2. that my participation in discussions about the 2006 and 2007 events does not constitute a valid contribution

of course your participation is valued! but again, most of that has been
about the gender issue,

i posted after the 2006 event too, thanking everyone and participating in the debate about video at the EM events. and this year i posted a lot of photos i took at EM07.


Quote:
and you have not wanted to actually discuss that juli's role as "beer server" is not a subservient role, but one of great responsibility...one that no volunteer would be trusted with. that there were many more women performers and preseneters than last year, that men did not only "manly" things, but picked up the trash, arranged chairs, cooked,and did whatever needed to be done without any thought to gender roles. you don't seem to want to discuss these things.

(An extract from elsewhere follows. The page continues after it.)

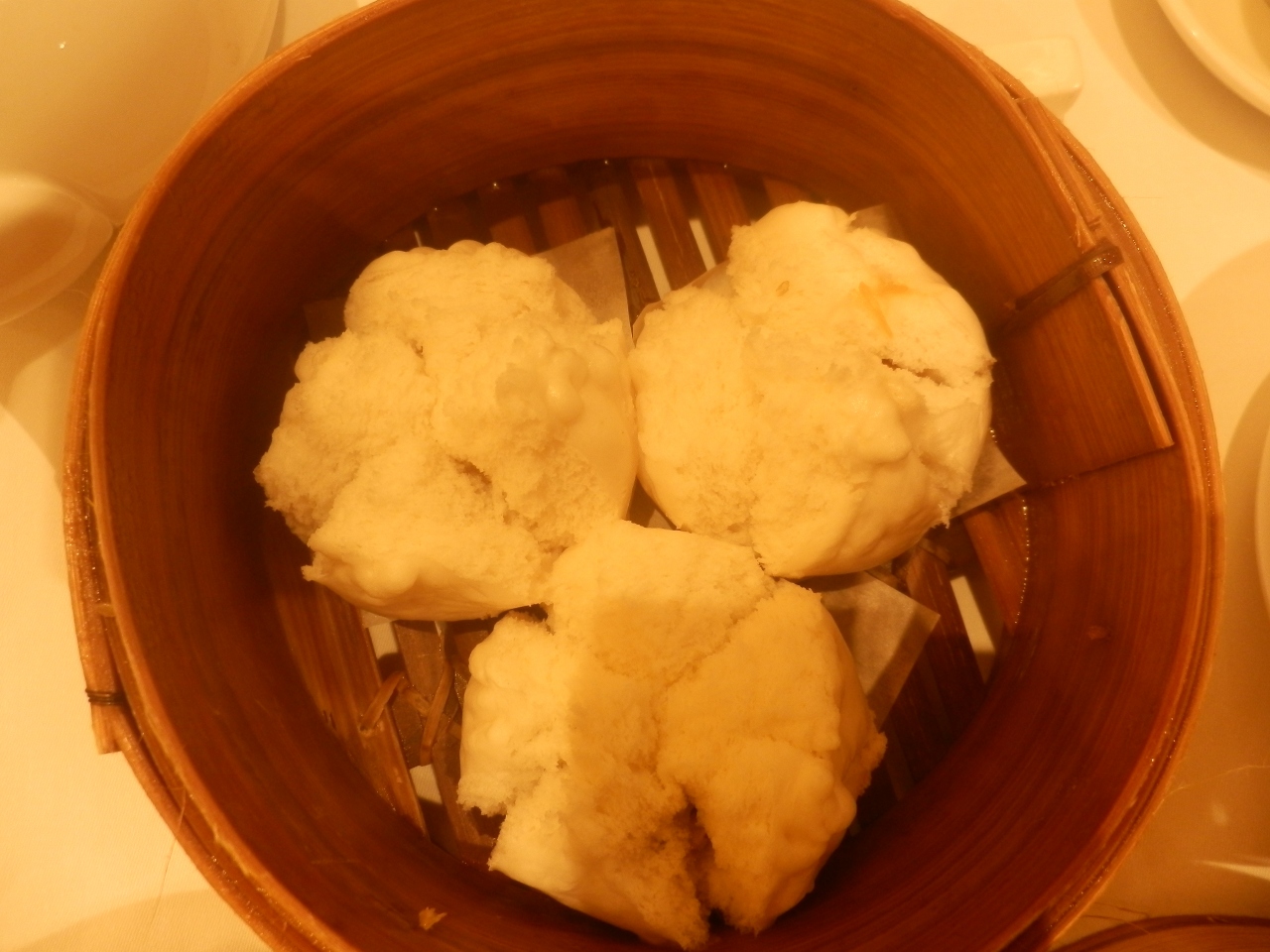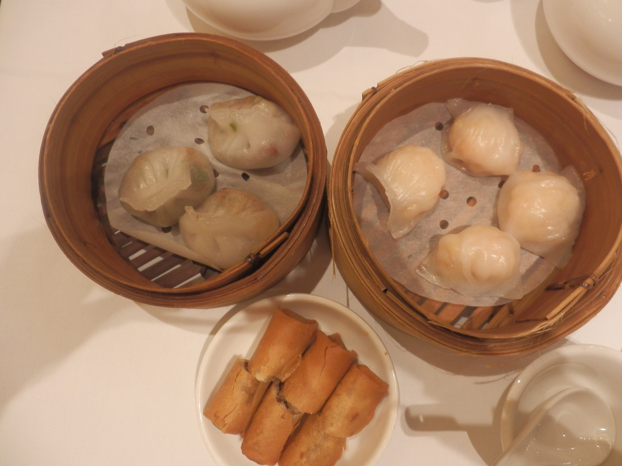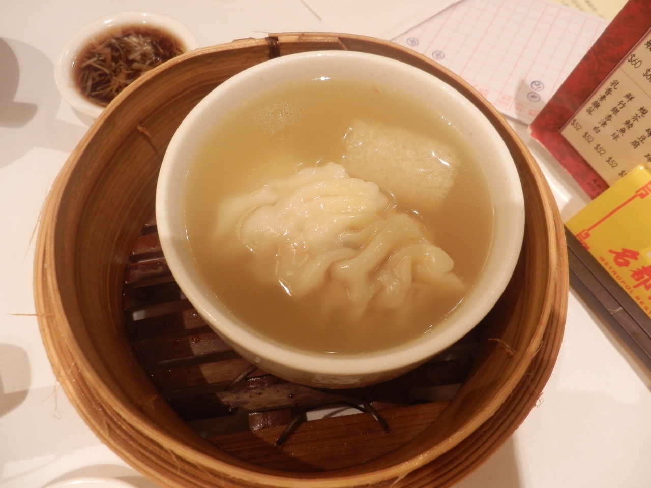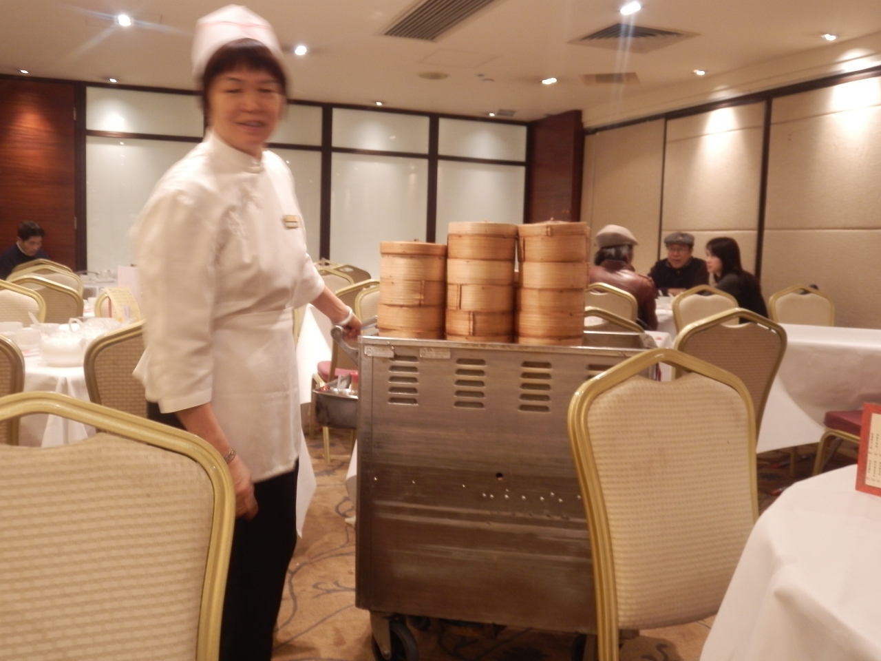 飲茶はワゴン式で、いろいろなものがワゴンで運ばれてくる。自分で行って、セイロの中を開けてみせたもらい、中を見ることができる。注文すると自分で伝票を持って行きチェックするシステム。肉まん、スープどれも美味しかった。

i'd love to discuss these things. however, many have expressed frustration with the derailment of the conversations in these threads, so i was making an attempt to bring this all back to the music aspect a bit more (with questionable success in my attempt to keep myself on-topic Wink )

i'm also embarrassed that i came off as saying that juli and genevive don't have talents. i'm sure they do! and i didn't know that genevive played a set at EM06. sad i missed that!

i brought up their role as an example of the type of gender role i was talking about. i definitely didn't mean to accuse electro-musicgoers of forcing them into these roles. i also didn't mean to disrespect their roles or the responsibility they entail. i wholeheartedly appreciate the crucial importance of beer!

Quote:

Quote:
3. that all other posts i have made on this forum/questions i have asked people in person at events/help i have provided to my group (project ruori) and other groups at electro do not constitute valid contributions

sorry, look up your own posts. less than 10 before starting this forum, and many (if not most) of those were in relation to feedback and photos of the events...many focusing on the 'women in em' topic. i never said your contributions wern't valid, but they were not significant enough for you to have an idea of how you would be treated on the forums in general. you want to discuss electronic music, then do so.


i do, often! i discuss it in person with the other members of project ruori, i discuss it in person with people at the electro events, and i read a lot of posts and google a lot of terms without feeling the need to reply to every single post i peruse. perhaps it would be more helpful to the board if i started posting a thanks on particularly helpful ones, though. if that's what you're suggesting, then thanks. i will do it.

Quote:
Quote:
4. that if you haven't personally seen it and judged it worthy it's not a valid contribution to electronic music in general

i'm not a mind reader....post about some of your activities! post some music, drawings, video....


i posted a link to my music myspace a while ago. however, it's hard to "post" "my" "music" when most of my electro-musical/artistic efforts include things like recording, processing, and arranging the samples used for the lightflowers installment we presented and used in our performance this year, helping build the photosensor assembly inside the lightflower instruments themselves, setup and operation of lighting and video equipment, recording, editing and processing of visual samples for the visual mixing, choreography of onstage activity, writing of lyrics, and other efforts that are collaborative and therefore don't result in things like normal CDs that i can just make into a .zip file and post.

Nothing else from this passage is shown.